This is an excerpt from Priyamvada Gopal’s Insurgent Empire: Anticolonial Resistance and British Dissent (2019), published with permission from Simon and Schuster India.
There are not two ways of ruling another nation. There is not a democratic and sympathetic way, and also an unsympathetic way.
Shapurji Saklatvala
On 17 June 1927, a heated debate was underway in the House of Commons on a controversial proposal to send to India a commission that would review the provisions of the India Act of 1919, with a view to possible further limited constitutional reforms. To be headed by the right-leaning Liberal Sir John Simon, a cautious proponent of gradual changes, the proposed consultative body would have no Indian representative. The Simon Commission’s blatantly racist composition – especially egregious given that it was a body set up to discuss the issue of political representation for Indians – was manifestly inflammatory, and the protests that rocked India a few months later surprised many political observers by their ‘sheer ferocity’. When the commissioners did arrive in India, they were greeted by a sea of black flags and placards reading ‘Go back, Simon’. In Britain itself, however, it would be left to the member for North Battersea to voice outright criticism of the commission, in an indignant and characteristically direct parliamentary peroration:
It is absolutely impossible for one country to hold another in subjection and pretend to offer them measures of reform giving them a partnership in the commonwealth. That is all humbug. I see that a new Commission is going to be appointed, and I would like to ask what is going to be the scope of that Commission and its terms of reference. Everybody knows, whether it is put in black and white or not, that the first thing that will be put in the terms of reference is how this country can keep a stranglehold over India.
A fellow MP had had quite enough. Launching into an ad hominem attack on his prolix colleague’s personal history, George Pilcher, member for Penryn and Falmouth, noted that, while the honourable member for Battersea had ‘made some very cruel and unjustifiable charges against the European population in Bombay’ in relation to poverty, low wages and slums, he himself belonged to the wealthy community ‘most responsible’ for Mumbai’s industrial development. It was ‘high time’, Pilcher sneered, for parliament to ‘know who the hon. Member for North Battersea is and what is his relationship with that great industrial community in Bombay’.

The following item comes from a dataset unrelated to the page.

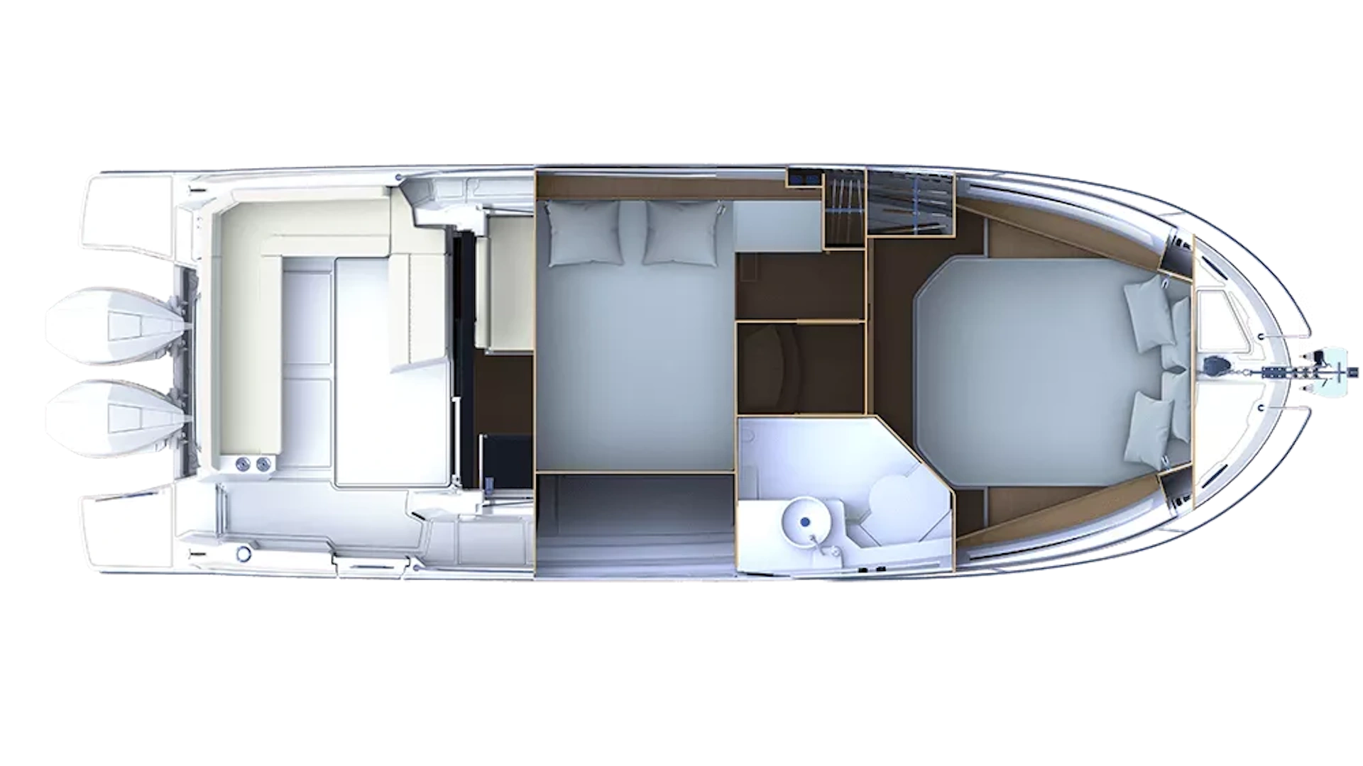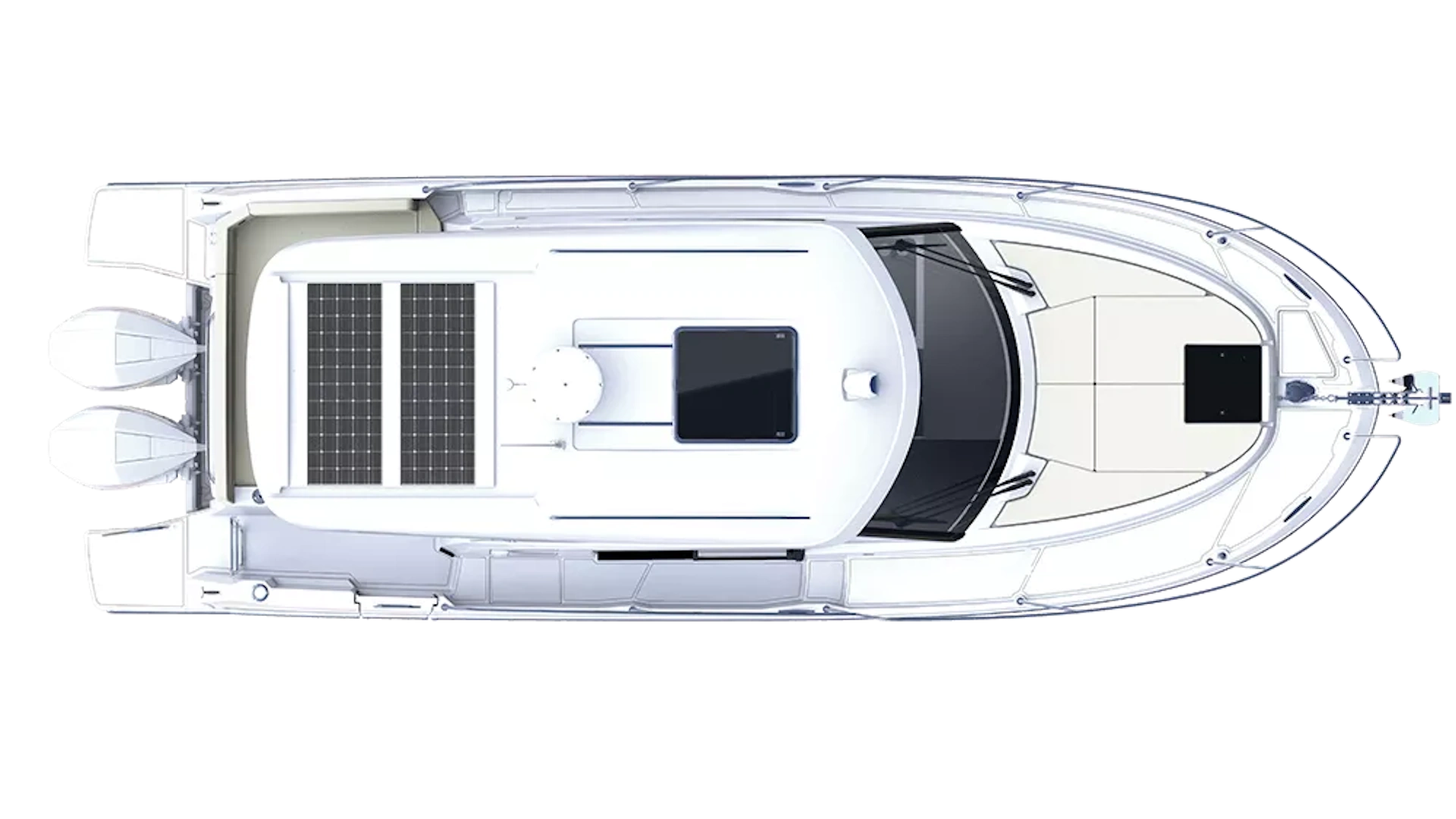 The new Antares 9 has an elegant profile and boasts sleek, powerful lines, enhanced by a silver rubbing strake and long hull windows. The wheelhouse arch, a real hallmark of the line, forms a slightly broken curve. It joins the extensive coachroof which protects the generously sized aft cockpit (1.7 m by 2.4 m). By adding an extra seat, the L-shaped bench seat can be converted into a U-shaped saloon area, the ideal layout for a large number of guests. This modular saloon can be easily converted into a sunbathing area when you want to relax and sunbathe.

During another fractious debate on the Simon Commission that autumn, it was the turn of the Tory under-secretary of state for India to get personal about his Battersea colleague, who had once again attacked the mission. No one with ‘the remotest knowledge of India’, snarled Earl Winterton, ‘could possibly accept the hon. Gentleman as an exponent of Indian opinion. As far as I know, he has absolutely no authority of any sort. He is repudiated by every responsible organisation in India.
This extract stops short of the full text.